Every line of the material must be restated exactly, though not its pictures.

[Information supplied]

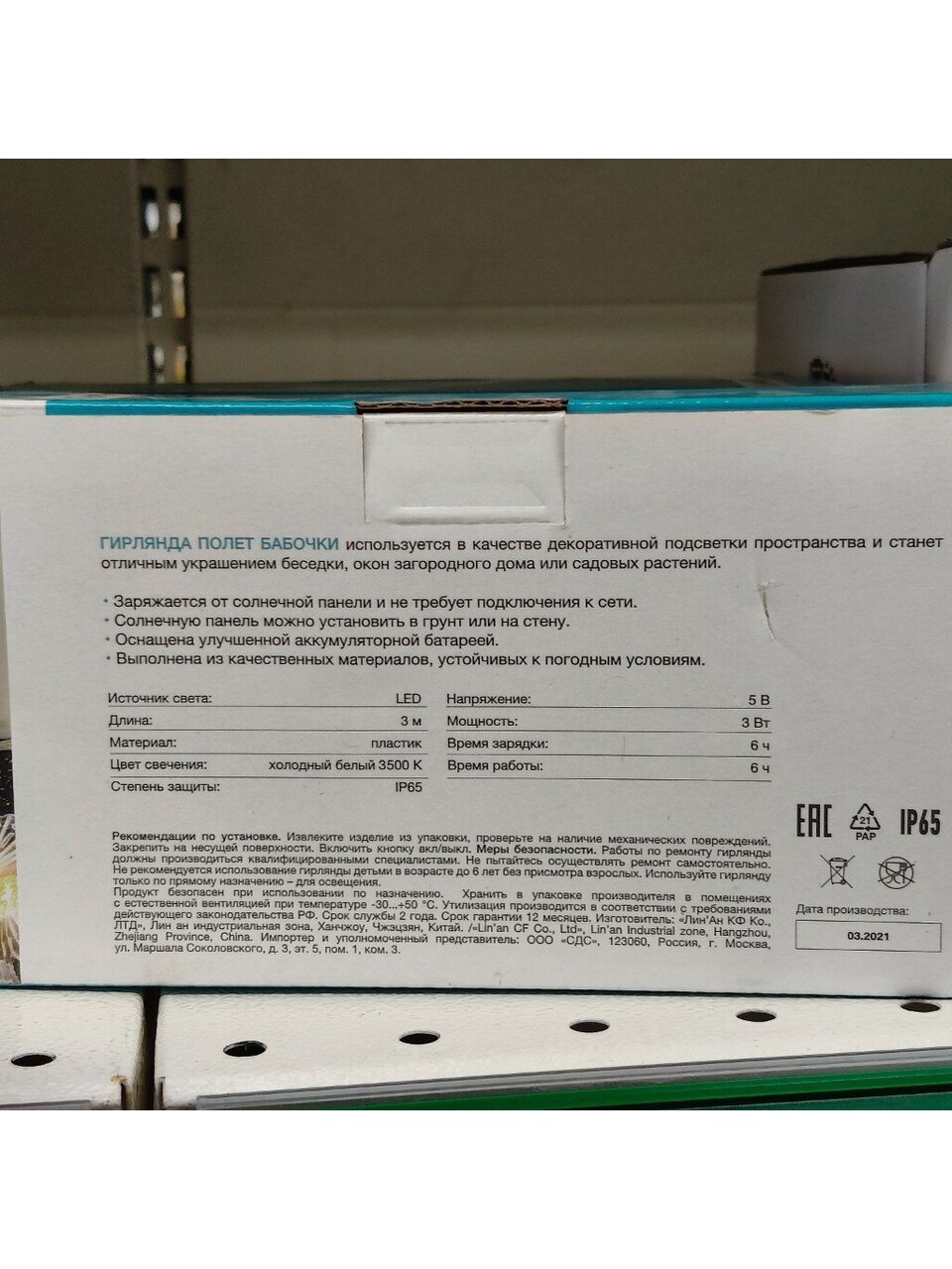 Вы можете приобрести «Гирлянда садовая Lamper, Каскад Полет бабочки, на солнечной батарее, грунтовая, 3 Вт, пластик, LED3м выносная солнеч. панель/аккум, холодное белое свечение» и другие товары в нашем интернет-магазине в Борисоглебске по низким ценам и с бесплатным самовывозом.
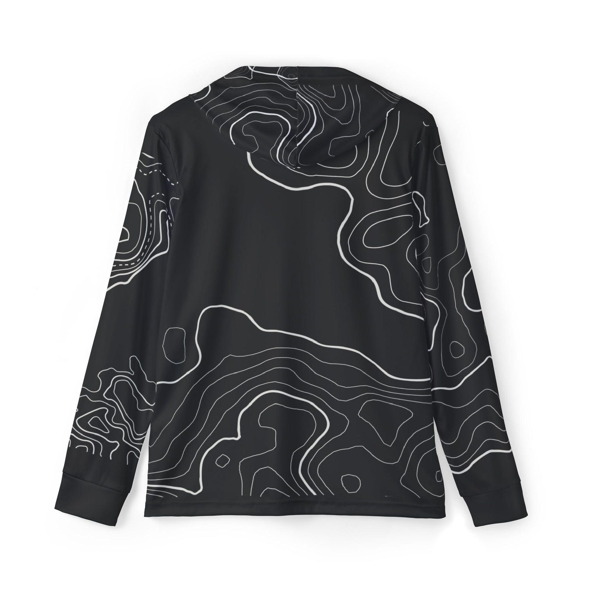 The extra-light polyester breathes and dries fast, pulling moisture away so you stay composed during warmups, trail runs, or travel days. The hood offers extra coverage and sun protection (UPF 50+), while the sleek black-and-gray contour lines give an understated, navigational look that reads equally well at the track or on a laid-back weekend outing. Comfortable, quick-drying, and made with matched seam threads and a printed care label inside the hood for a clean finish.
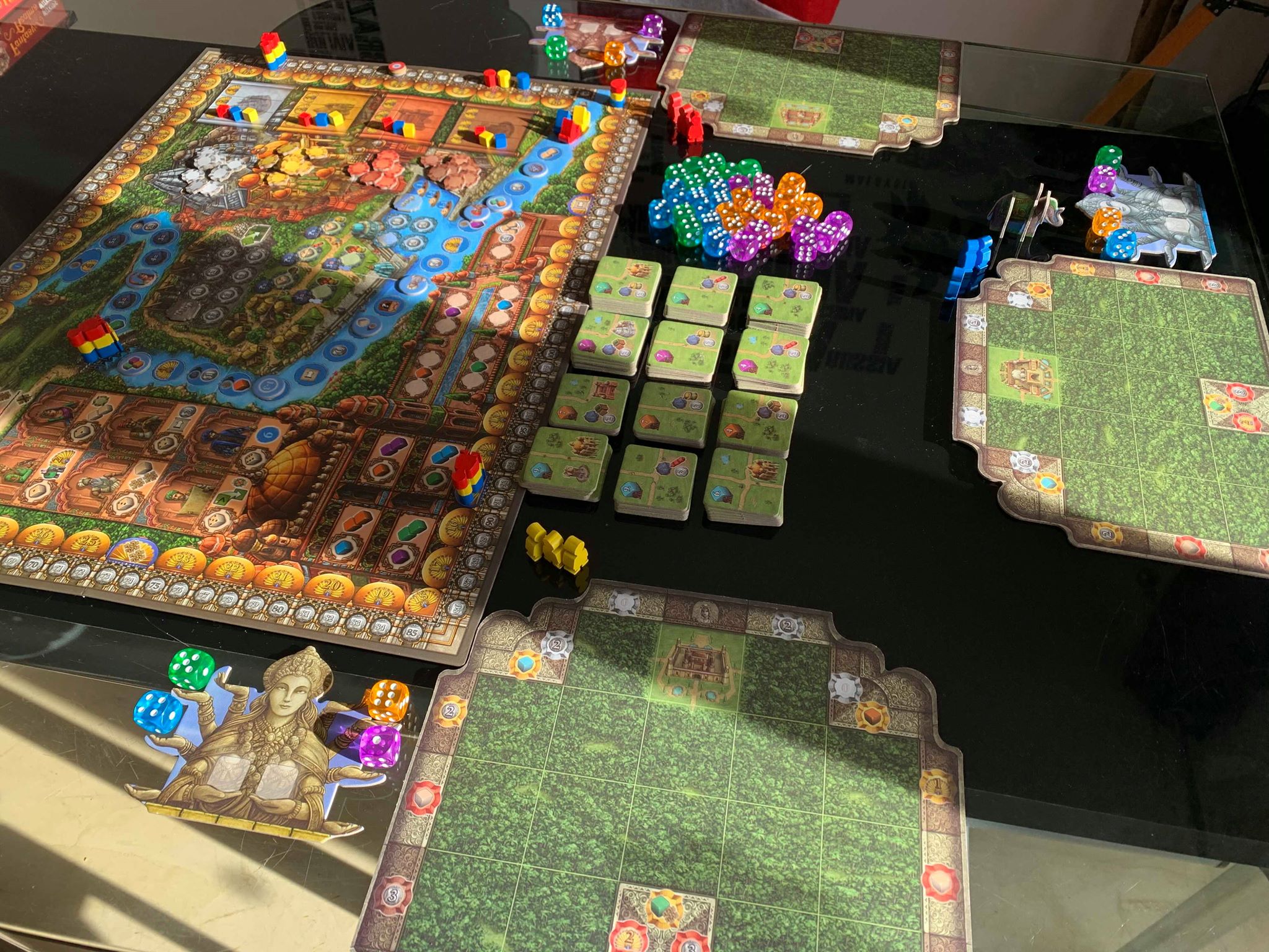 Chaque joueur dispose d’un plateau personnel représentant sa province sur lequel il viendra poser des tuiles et un plateau Kali pour stocker ses dés.

[/Information supplied]

Solution:
 Вы можете приобрести «Гирлянда садовая Lamper, Каскад Полет бабочки, на солнечной батарее, грунтовая, 3 Вт, пластик, LED3м выносная солнеч. панель/аккум, холодное белое свечение» и другие товары в нашем интернет-магазине в Борисоглебске по низким ценам и с бесплатным самовывозом.
 The extra-light polyester breathes and dries fast, pulling moisture away so you stay composed during warmups, trail runs, or travel days. The hood offers extra coverage and sun protection (UPF 50+), while the sleek black-and-gray contour lines give an understated, navigational look that reads equally well at the track or on a laid-back weekend outing. Comfortable, quick-drying, and made with matched seam threads and a printed care label inside the hood for a clean finish.
 Chaque joueur dispose d’un plateau personnel représentant sa province sur lequel il viendra poser des tuiles et un plateau Kali pour stocker ses dés.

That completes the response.